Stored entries
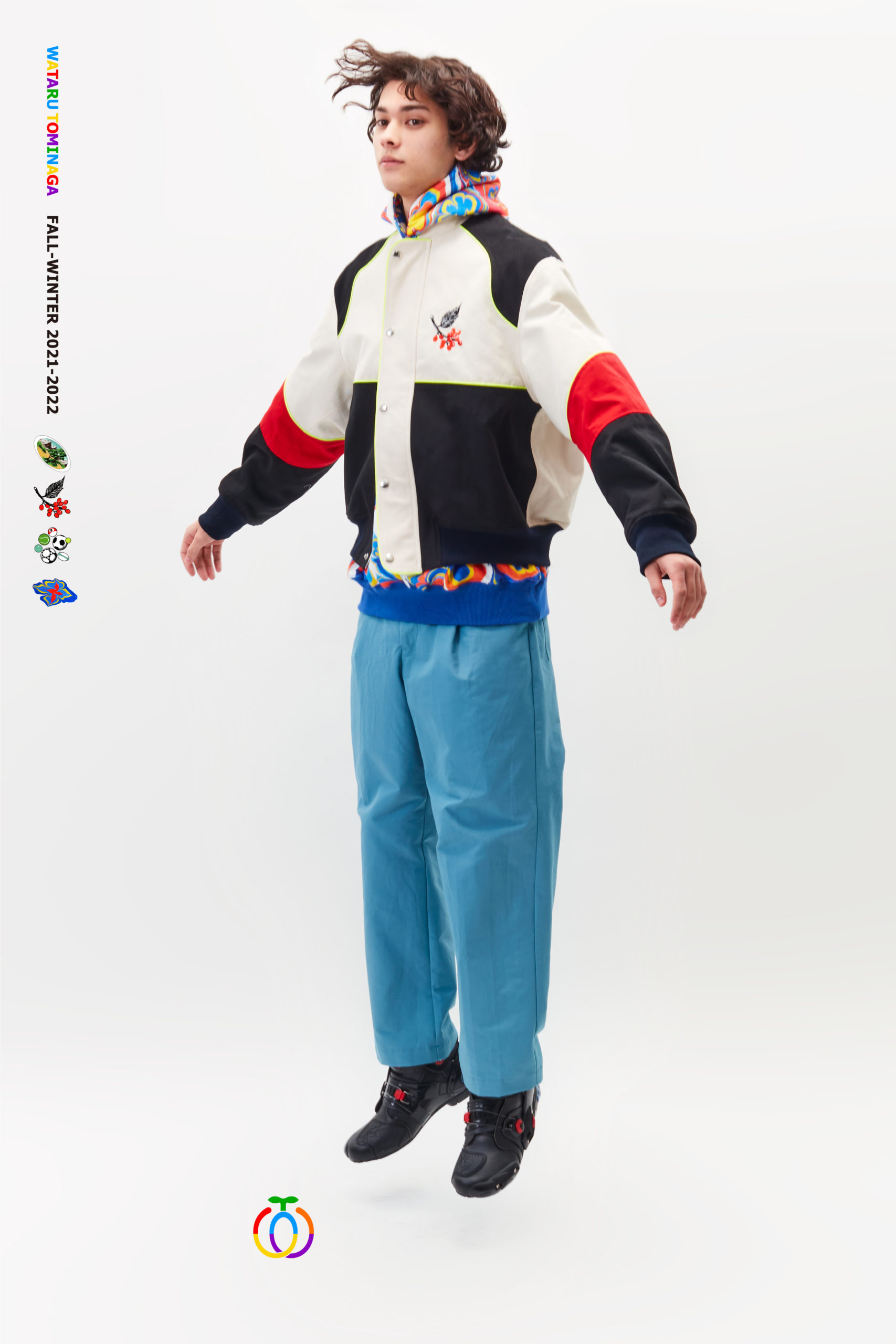The designer’s Fall-Winter 2021-2022 collection is derivative of the colors, textures and aged patinas of vintage pieces from the 70s-90s, sourced from all over the world during his global expeditions. Tominaga is most interested in the culture clash of various styles and backgrounds, merging distinct nuances to produce pieces that are conspicuous yet harmonious. Details of a racing jacket, paired with a marble print textile or a photo-printed design from a foreign land, are examples of the dynamic tension the designer hopes to project. He aims to create a playful collection of retro, yet contemporary, pieces with utilitarian details. His work is the true embodiment of eclecticism.
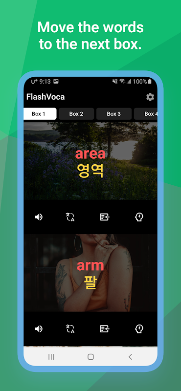 This English word learning app uses flash cards to show images and moves learners to the next box depending on whether they know the card or not. Provides repetitive learning to properly memorize words.
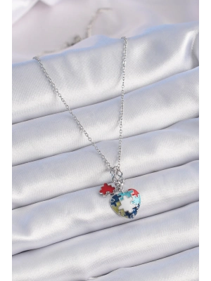 Bamido 316l Çelik Gümüş Renk Yapboz Motif Kalp Figür Charm Model Kadın Kolye - Lisinya
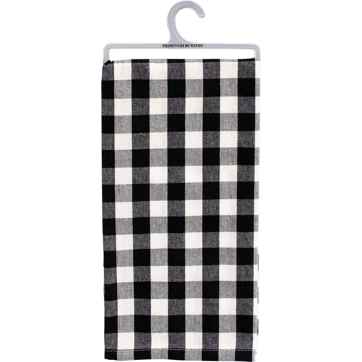 A cotton kitchen towel featuring an all-over small black and buff white buffalo check pattern. Machine-washable.
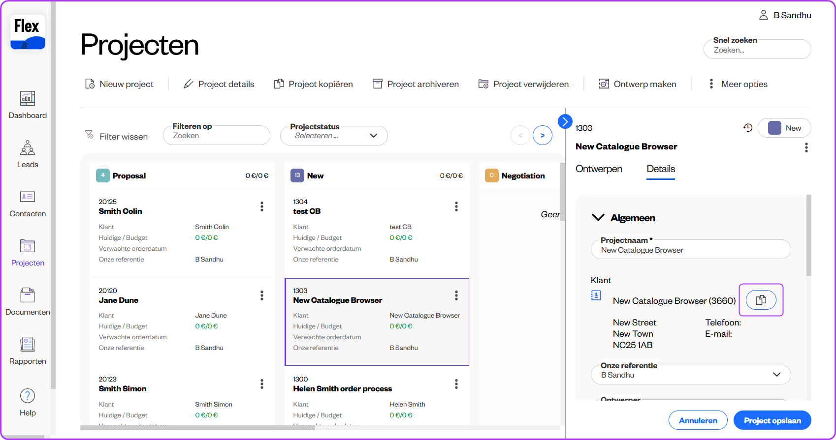 Op het Flex platform kunt u de gegevens van een contactpersoon kopiëren naar het klembord en deze vervolgens in een ander programma plakken. U kunt dit doen via de pagina Projectdetails en via de zijbalk op de pagina Projecten . Voor meer Informatie klik hier.
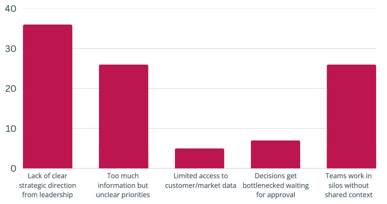 Two answers tied at 26%: too much information but unclear priorities, and teams working in silos without shared context. Those two are closely connected. More data does not automatically lead to better decisions if teams are missing a shared framework for what matters most. And when teams are working from different contexts, they are more likely to interpret the same information in different ways. Only 7% said decisions get bottlenecked waiting for approval, and just 5% pointed to limited access to customer or market data. The main issue is not simply governance or a lack of inputs. In many cases, teams are not waiting because they cannot decide; they are struggling because the criteria for making the decision are not clear enough.

▶ ASSIGNMENT
Your answer must be an exact reproduction of all entries, containing no pictures.

▶ THE COMPLETED TASK
The designer’s Fall-Winter 2021-2022 collection is derivative of the colors, textures and aged patinas of vintage pieces from the 70s-90s, sourced from all over the world during his global expeditions. Tominaga is most interested in the culture clash of various styles and backgrounds, merging distinct nuances to produce pieces that are conspicuous yet harmonious. Details of a racing jacket, paired with a marble print textile or a photo-printed design from a foreign land, are examples of the dynamic tension the designer hopes to project. He aims to create a playful collection of retro, yet contemporary, pieces with utilitarian details. His work is the true embodiment of eclecticism.
 This English word learning app uses flash cards to show images and moves learners to the next box depending on whether they know the card or not. Provides repetitive learning to properly memorize words.
 Bamido 316l Çelik Gümüş Renk Yapboz Motif Kalp Figür Charm Model Kadın Kolye - Lisinya
 A cotton kitchen towel featuring an all-over small black and buff white buffalo check pattern. Machine-washable.
 Op het Flex platform kunt u de gegevens van een contactpersoon kopiëren naar het klembord en deze vervolgens in een ander programma plakken. U kunt dit doen via de pagina Projectdetails en via de zijbalk op de pagina Projecten . Voor meer Informatie klik hier.
 Two answers tied at 26%: too much information but unclear priorities, and teams working in silos without shared context. Those two are closely connected. More data does not automatically lead to better decisions if teams are missing a shared framework for what matters most. And when teams are working from different contexts, they are more likely to interpret the same information in different ways. Only 7% said decisions get bottlenecked waiting for approval, and just 5% pointed to limited access to customer or market data. The main issue is not simply governance or a lack of inputs. In many cases, teams are not waiting because they cannot decide; they are struggling because the criteria for making the decision are not clear enough.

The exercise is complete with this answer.